More than 100,000 tonnes of such SRM is generated in Canada every year, the bulk of it in Alberta. Until now it has been processed like other cattle waste, most of it ending up in pet food and chicken feed, and as fertilizer and bone meal.

Once the new ban comes into effect, most of Canada's SRM will be taken to rendering plants in Calgary and reduced to dry meal. It will then be hauled to a Coronation, Alta., landfill and buried.

During rendering, the wastes are compressed and "dewatered."

"Along with that squeeze of water you may release prions," says Belosevic, who explains the proteins can persist for years and may be "bioaccumulating" in waste-water ponds.

"Say you had a rendering plant and two or three infectious animals came through in a year," he says. "You may find it in leachates from that rendering plant."

Over the next two years, researchers will look for prions in waste water from rendering plants and slaughterhouses.

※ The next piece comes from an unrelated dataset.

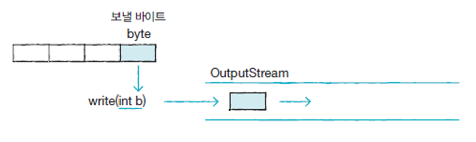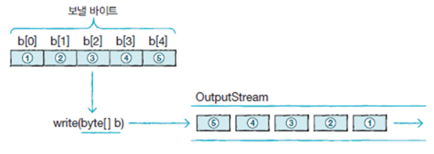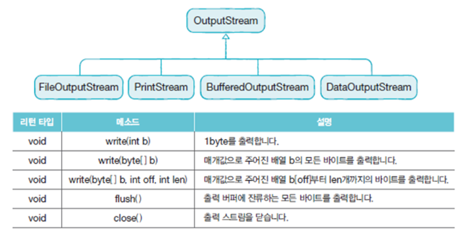 클래스를 상속매개 변수로 주어지는 int(4byte)에서 끝 1byte만 출력 스트림으로 보내는 write(int b) 메소드매개 값 배열의 모든 바이트를 출력 스트림으로 보내는 write(byte[]

The only proven ways of destroying prions are with high-temperature incineration, or a combination of heat, chemicals and high pressure.

Composting is another option, but it's problematic.

"We don't anticipate composting is going to be so effective that it will totally destroy the prions, but it could decrease the infectivity," says Belosevic.

Even so, several small slaughterhouses in northwestern Ontario are proposing to pool their waste at one compost site. However, any compost made with SRM will not be allowed on grazing land or gardens, although it might be permitted on Christmas-tree farms and golf courses.

Belosevic, meanwhile, sees more promise in a chemical process that may deform the proteins and render them non-infectious.